Extracted information below:
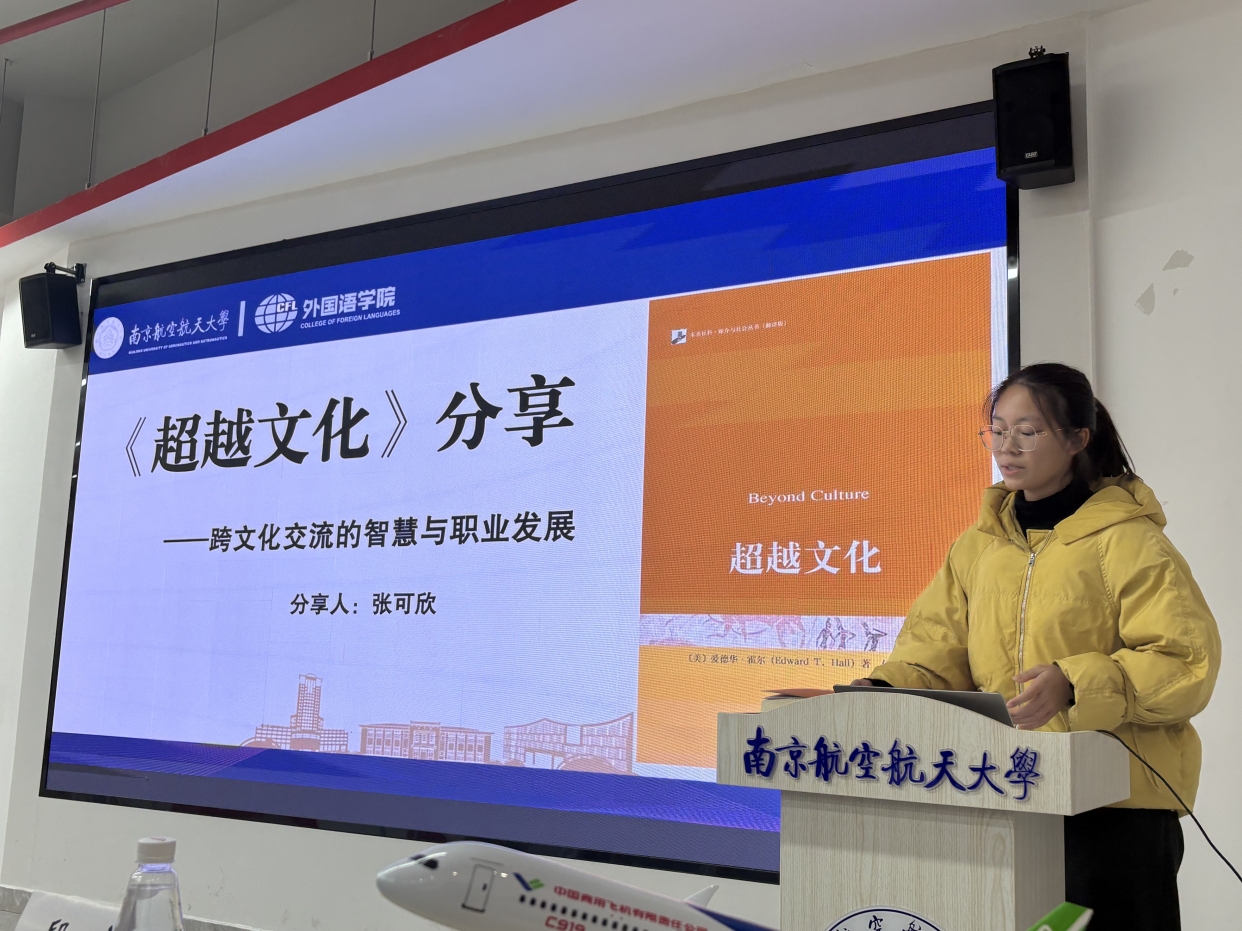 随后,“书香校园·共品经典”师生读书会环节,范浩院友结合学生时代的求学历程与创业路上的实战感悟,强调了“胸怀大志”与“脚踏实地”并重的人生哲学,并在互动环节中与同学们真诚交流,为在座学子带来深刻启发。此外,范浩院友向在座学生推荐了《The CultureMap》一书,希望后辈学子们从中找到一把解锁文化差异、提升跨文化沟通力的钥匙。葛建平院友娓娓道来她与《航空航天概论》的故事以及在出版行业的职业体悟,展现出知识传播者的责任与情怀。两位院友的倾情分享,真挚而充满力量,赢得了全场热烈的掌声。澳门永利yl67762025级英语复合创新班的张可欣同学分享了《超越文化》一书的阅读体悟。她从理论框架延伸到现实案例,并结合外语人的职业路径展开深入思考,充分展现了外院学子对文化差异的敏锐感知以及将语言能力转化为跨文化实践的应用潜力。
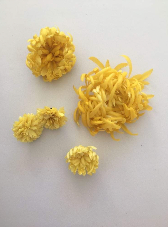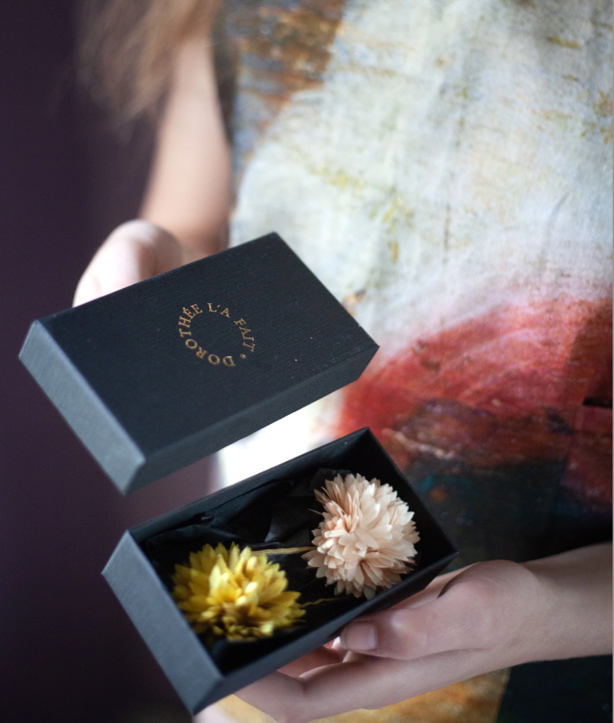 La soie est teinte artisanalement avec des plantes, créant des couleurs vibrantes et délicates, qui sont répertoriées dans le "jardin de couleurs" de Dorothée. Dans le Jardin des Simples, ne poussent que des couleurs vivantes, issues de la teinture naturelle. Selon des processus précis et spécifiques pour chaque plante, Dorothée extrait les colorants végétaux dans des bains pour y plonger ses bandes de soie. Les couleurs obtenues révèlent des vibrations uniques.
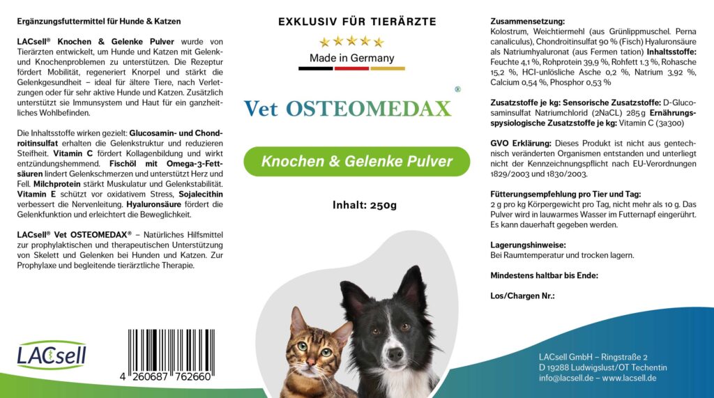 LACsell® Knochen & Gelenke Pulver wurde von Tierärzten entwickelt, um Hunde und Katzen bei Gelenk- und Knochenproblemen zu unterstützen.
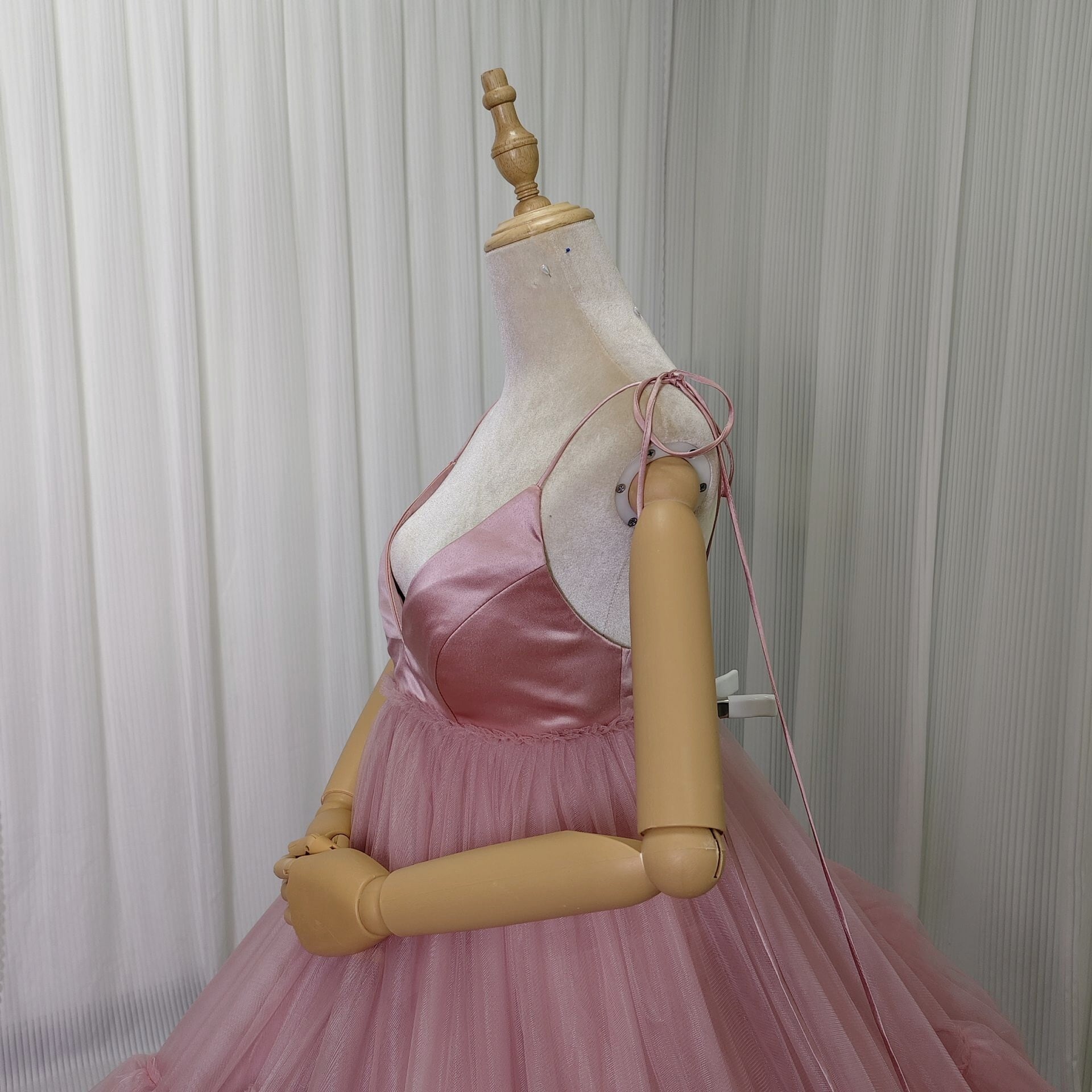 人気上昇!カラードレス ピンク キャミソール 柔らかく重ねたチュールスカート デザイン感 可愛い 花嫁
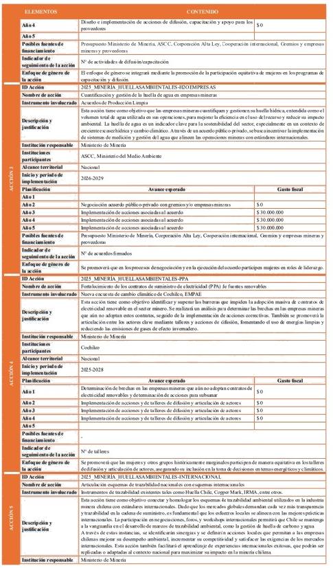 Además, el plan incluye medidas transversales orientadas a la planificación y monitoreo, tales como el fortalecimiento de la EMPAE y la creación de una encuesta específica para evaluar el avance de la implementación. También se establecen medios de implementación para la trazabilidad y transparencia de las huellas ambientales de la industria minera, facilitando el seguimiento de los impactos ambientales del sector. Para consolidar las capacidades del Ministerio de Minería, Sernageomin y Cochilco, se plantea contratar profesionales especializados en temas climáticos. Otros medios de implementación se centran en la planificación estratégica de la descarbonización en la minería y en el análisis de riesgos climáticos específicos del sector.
End of Extracted information.
Extracted information below:
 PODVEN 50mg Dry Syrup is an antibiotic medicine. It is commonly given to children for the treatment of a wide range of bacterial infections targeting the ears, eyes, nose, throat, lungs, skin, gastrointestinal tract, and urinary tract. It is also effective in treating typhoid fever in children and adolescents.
End of Extracted information.
▸ Work to complete
Your reply should consist solely of the lines above from the line containing "人気上昇!カラードレス ピンク キャミソール" up to and including the line containing "Además, el plan", reproduced exactly, minus the pictures.

▸ Your solution
 人気上昇!カラードレス ピンク キャミソール 柔らかく重ねたチュールスカート デザイン感 可愛い 花嫁
 Además, el plan incluye medidas transversales orientadas a la planificación y monitoreo, tales como el fortalecimiento de la EMPAE y la creación de una encuesta específica para evaluar el avance de la implementación. También se establecen medios de implementación para la trazabilidad y transparencia de las huellas ambientales de la industria minera, facilitando el seguimiento de los impactos ambientales del sector. Para consolidar las capacidades del Ministerio de Minería, Sernageomin y Cochilco, se plantea contratar profesionales especializados en temas climáticos. Otros medios de implementación se centran en la planificación estratégica de la descarbonización en la minería y en el análisis de riesgos climáticos específicos del sector.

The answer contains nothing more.